CGSC Strain#: 12551
Strain Designation: BW20767/pRL27      Source of Strain: W.W. Metcalf
Sex: F- Episome/Plasmid: pRL27
   Plasmid Markers/Mutations: oriT_RP4, kan, oriR6K_γ, tetAp-tnp
   Plasmid Comment: pRL27 is a low-copy pir-dependent conjugative plasmid that encodes the kanamycin resistant hyperactive Tn5 system of Reznicoff.
Chromosomal Markers: RP4-2(Km::Tn7,Tc::Mu-1), leu-163::IS10, ΔuidA3::pir⁺, recA1, endA1, thiE1, hsdR17, creC510
Strain Comments:

• This plasmid is known to be somewhat unstable, presumably because of constitutive expression of the of the transposase. As a result mutations in the tnp gene tend to accumulate and these mutants will not work for mutagenesis.

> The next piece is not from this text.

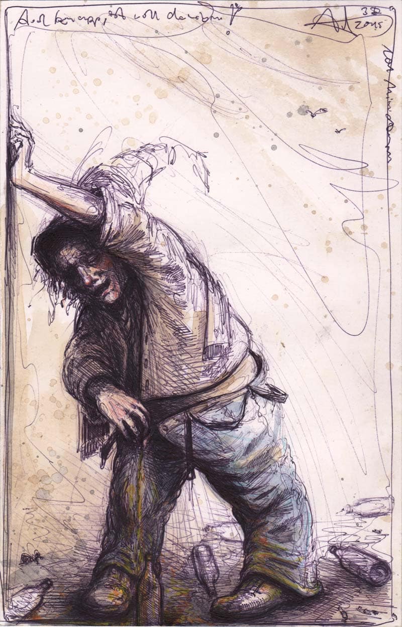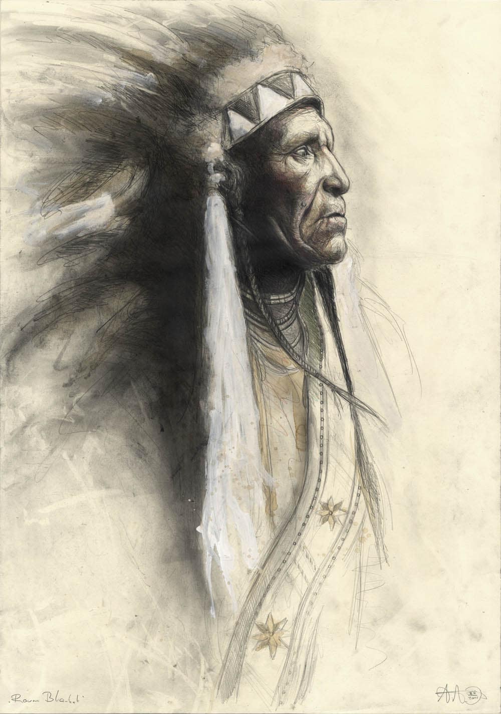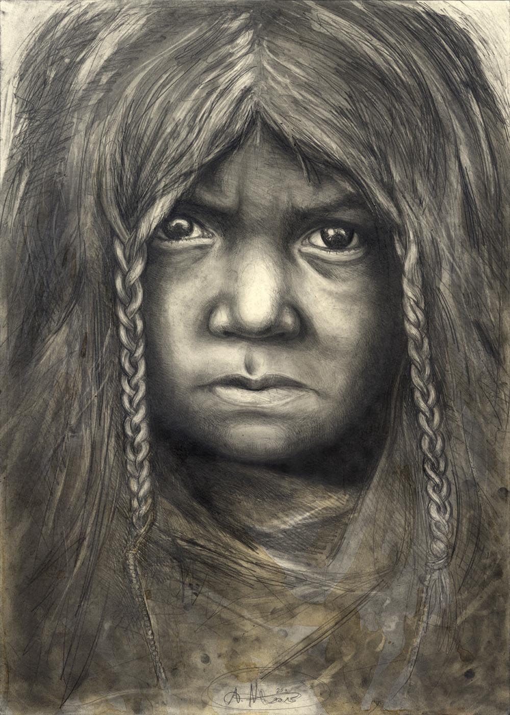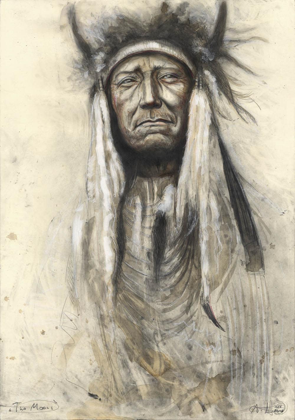 Bleistift, Farbstift, Kaffee, Pastell, weiße Tusche

• It is suggested that you immediately test several colonies to verify their ability transfer the transposon. Once this is verified, freeze the strain immediately and minimize the passage of the strain to reduce the accumulation of tnp mutants.

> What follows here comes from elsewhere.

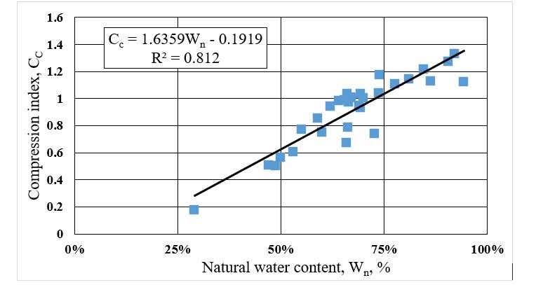 Đầu tiên, mối quan hệ giữa chỉ số nén lún và độ ẩm tự nhiên được xác định như ở hình 5. Có thể thấy rằng độ ẩm tự nhiên tăng lên dẫn đến chỉ số nén lún tăng. Điều này phù hợp với kết quả của Nu et al [17] và Nu [18]. Điều này được cho là do độ ẩm tự nhiên của nước tăng lên làm cho độ nén của đất cao, và vì vậy chỉ số nén lún tăng.

• RP4-2(Km::Tn7,Tc::Mu-1)-- The RP4-2 also has an ISR1 insertion element within the Tn1³⁵ transposon that inactivates the adjacent ampicillin resistance gene.
• RP4-2(Km::Tn7,Tc::Mu-1)-- integrated plasmid is Kan and Tet sensitive, due to the insertions in Tc and Km, and the Tn7 results in TRIM/aminopterin resistance and low level strR.

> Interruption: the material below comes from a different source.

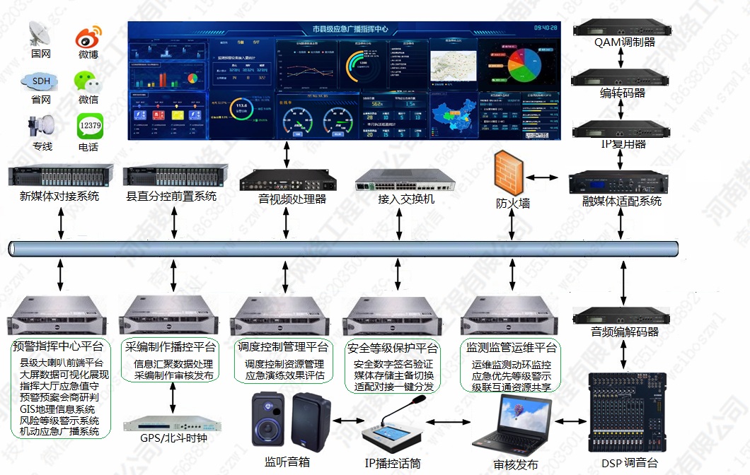 1.接收IP、DTMB、DVB-C、FM、衛星接收機、DVD、USB、話筒等信號,可在面板與網管中設置輸入信號源的優先級,自動檢測切換信號源,并在前面板上有明確的標注。

• leu-163::IS10-- This allele was created by selecting for a spontaneous TetS version of leu-63::Tn10
• ΔuidA3::pir⁺-- Allows the replication of plasmids with an R6Kγ origin of replication
• recA1-- : Missense mutation, altered isoelectric point. Sequenced: G to A for Nuc. 720 (Gly 160 Asp).
• endA1-- G to A transition mutation resulting in E208K amino acid substitution.
• creC510-- The constitutive phenotype is due to an R77P amino acid substitution
• creC510 was formerly called phoM510
• thiE1 was formerly called thi-1
• ΔuidA3::pir⁺ was formerly called uidA(Δ MluI)::pir⁺
• = good miniprep dsDNA quality
• Const = constitutive
• = kanamycin resistant

References:

• Metcalf, WW, W Jiang, LL Daniels, SK Kim, A Haldimann, BL Wanner 1996. Conditionally replicative and conjugative plasmids carrying lacZ alpha for cloning, mutagenesis, and allele replacement in bacteria. Plasmid 35(1):1-13.
• Larsen, RA, MM Wilson, AM Guss, WW Metcalf 2002. Genetic analysis of pigment biosynthesis in Xanthobacter autotrophicus Py2 using a new, highly efficient transposon mutagenesis system that is functional in a wide variety of bacteria. Arch. Microbiol. 178(3):193-201.